The main instrument at HAARP Station is the Ionospheric Research Instrument (IRI). This is a high power, high-frequency phased array radio transmitter with a set of 180 antennas, disposed in an array of 12x15 units that occupy a rectangle of about 33 acres (13 hectares). The IRI is used to temporarily energize a small portion of the ionosphere. The study of these disturbed volumes yields important information for understanding natural ionospheric processes.

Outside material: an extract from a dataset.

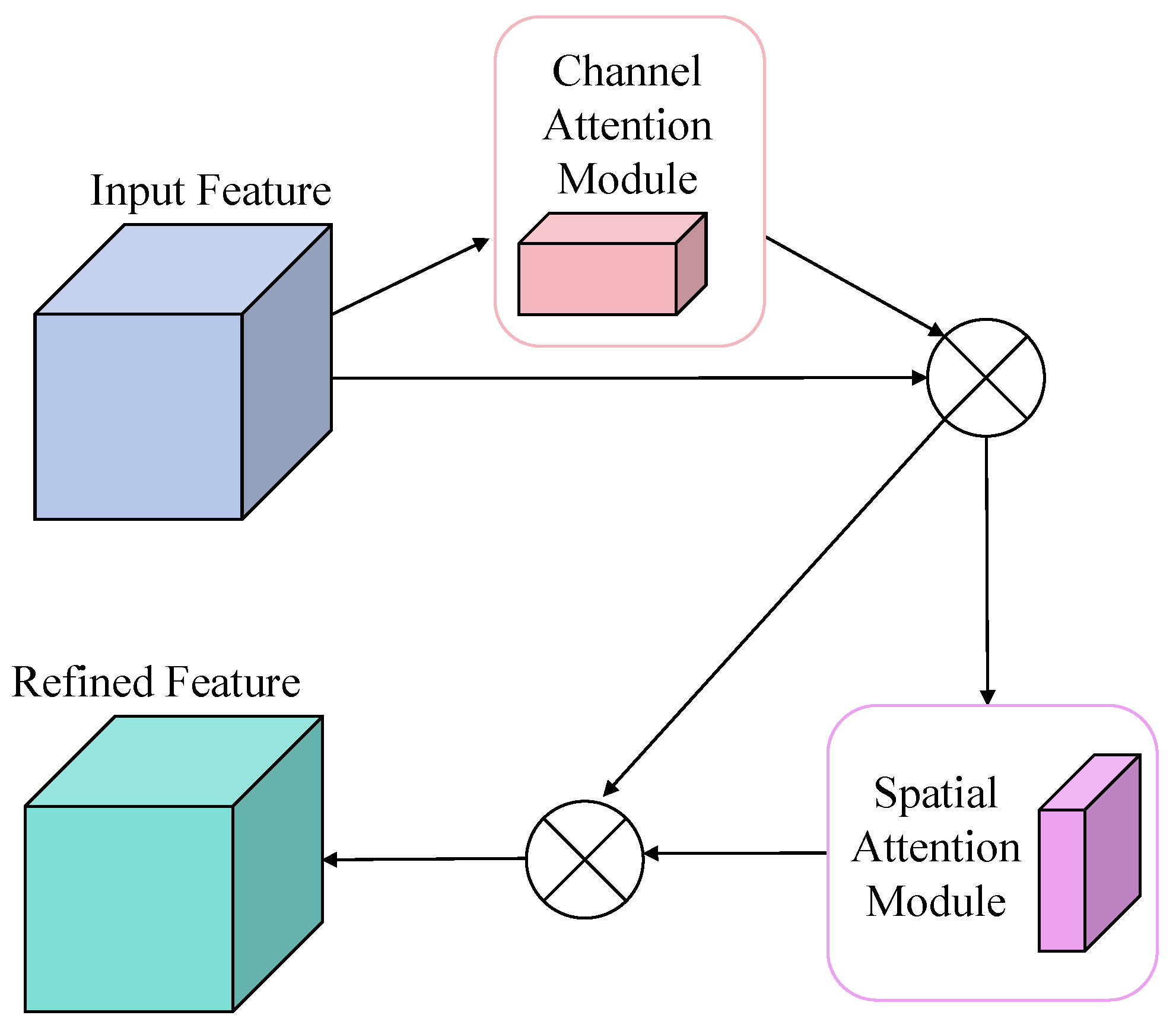 (b) Attention Mechanism. This study also employs the CBAM, a feature enhancement module based on bidirectional attention synergy. It performs multi-dimensional feature calibration through a channel-spatial dual-attention mechanism, providing a dynamic feature selection capability for convolutional neural networks [33]. The structure of CBAM is illustrated in Figure 4.

During active ionospheric research, the signal generated by the transmitter system is delivered to the antenna array and transmitted in an upward direction. At an altitude between 70 km (43 mi) to 350 km (217 mi) (depending on operating frequency), the signal is partially absorbed in a small volume several tens of kilometers in diameter and a few meters thick over the IRI. The intensity of the HF signal in the ionosphere is less than 3 µW/cm², tens of thousands of times less than the Sun's natural electromagnetic radiation reaching the earth and hundreds of times less than even the normal random variations in intensity of the Sun's natural ultraviolet (UV) energy which creates the ionosphere. The small effects that are produced, however, can be observed with the sensitive scientific instruments installed at the HAARP Station, and these observations can provide information about the dynamics of plasmas and insight into the processes of solar-terrestrial interactions.[8]

Each antenna element consists of a crossed dipole that can be polarized for linear, ordinary mode (O-mode), or extraordinary mode (X-mode) transmission and reception.[9][10] Each part of the two section crossed dipoles are individually fed from a custom built transmitter, that has been specially designed with very low distortion. The Effective Radiated Power (ERP) of the IRI is limited by more than a factor of 10 at its lower operating frequencies. Much of this is due to higher antenna losses and a less efficient antenna pattern.

The IRI can transmit between 2.7 and 10 MHz, a frequency range that lies above the AM radio broadcast band and well below Citizens' Band frequency allocations. The HAARP Station is licensed to transmit only in certain segments of this frequency range, however. When the IRI is transmitting, the bandwidth of the transmitted signal is 100 kHz or less. The IRI can transmit in continuous waves (CW) or in pulses as short as 10 microseconds (µs). CW transmission is generally used for ionospheric modification, while transmission in short pulses frequently repeated is used as a radar system. Researchers can run experiments that use both modes of transmission, first modifying the ionosphere for a predetermined amount of time, then measuring the decay of modification effects with pulsed transmissions.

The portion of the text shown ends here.